# Given data
=-=-=-=-=
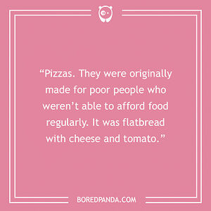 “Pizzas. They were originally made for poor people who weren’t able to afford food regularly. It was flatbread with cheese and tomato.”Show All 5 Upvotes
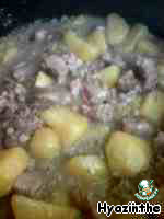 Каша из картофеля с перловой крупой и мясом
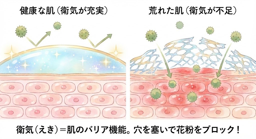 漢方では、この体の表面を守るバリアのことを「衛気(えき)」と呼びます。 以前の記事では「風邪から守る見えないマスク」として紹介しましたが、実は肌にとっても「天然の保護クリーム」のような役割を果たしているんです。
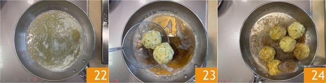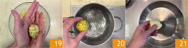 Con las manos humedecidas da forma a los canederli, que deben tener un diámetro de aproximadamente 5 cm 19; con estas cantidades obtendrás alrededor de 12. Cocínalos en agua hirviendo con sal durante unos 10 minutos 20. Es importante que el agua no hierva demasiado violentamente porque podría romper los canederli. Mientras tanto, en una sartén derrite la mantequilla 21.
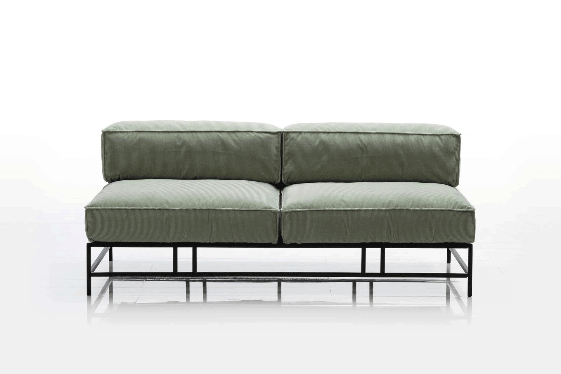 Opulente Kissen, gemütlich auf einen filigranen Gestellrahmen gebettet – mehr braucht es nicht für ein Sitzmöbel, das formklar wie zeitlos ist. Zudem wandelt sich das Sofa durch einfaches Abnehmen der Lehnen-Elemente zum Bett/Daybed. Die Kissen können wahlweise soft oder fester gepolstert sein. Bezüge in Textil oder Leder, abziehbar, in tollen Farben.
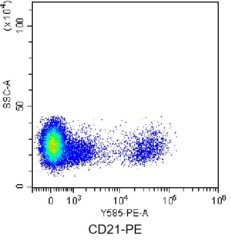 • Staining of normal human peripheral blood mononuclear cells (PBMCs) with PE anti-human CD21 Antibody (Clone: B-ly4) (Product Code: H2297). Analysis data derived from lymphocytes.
=-=-=-=-=
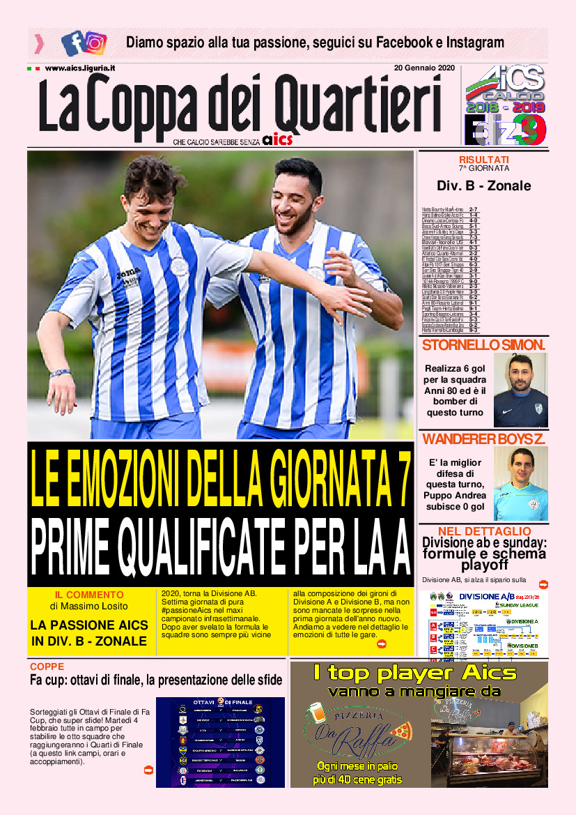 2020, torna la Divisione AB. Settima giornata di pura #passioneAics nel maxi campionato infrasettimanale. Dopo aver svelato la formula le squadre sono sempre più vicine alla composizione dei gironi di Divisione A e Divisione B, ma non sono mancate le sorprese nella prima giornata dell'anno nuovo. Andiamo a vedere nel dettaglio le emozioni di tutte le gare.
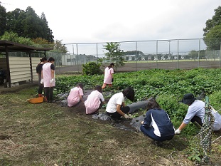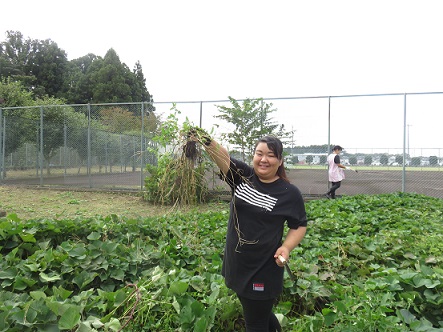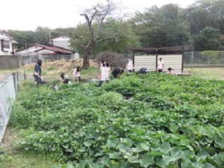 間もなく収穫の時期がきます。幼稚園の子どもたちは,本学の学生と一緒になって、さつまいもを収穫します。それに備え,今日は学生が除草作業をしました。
=-=-=-=-=
# Exercise requirements
Using the records above, repeat exactly the run of lines that starts with the line with "All 5 Upvotes" and goes on through the line with "Con las manos"; omit each picture.

# Answer
 “Pizzas. They were originally made for poor people who weren’t able to afford food regularly. It was flatbread with cheese and tomato.”Show All 5 Upvotes
 Каша из картофеля с перловой крупой и мясом
 漢方では、この体の表面を守るバリアのことを「衛気(えき)」と呼びます。 以前の記事では「風邪から守る見えないマスク」として紹介しましたが、実は肌にとっても「天然の保護クリーム」のような役割を果たしているんです。
 Con las manos humedecidas da forma a los canederli, que deben tener un diámetro de aproximadamente 5 cm 19; con estas cantidades obtendrás alrededor de 12. Cocínalos en agua hirviendo con sal durante unos 10 minutos 20. Es importante que el agua no hierva demasiado violentamente porque podría romper los canederli. Mientras tanto, en una sartén derrite la mantequilla 21.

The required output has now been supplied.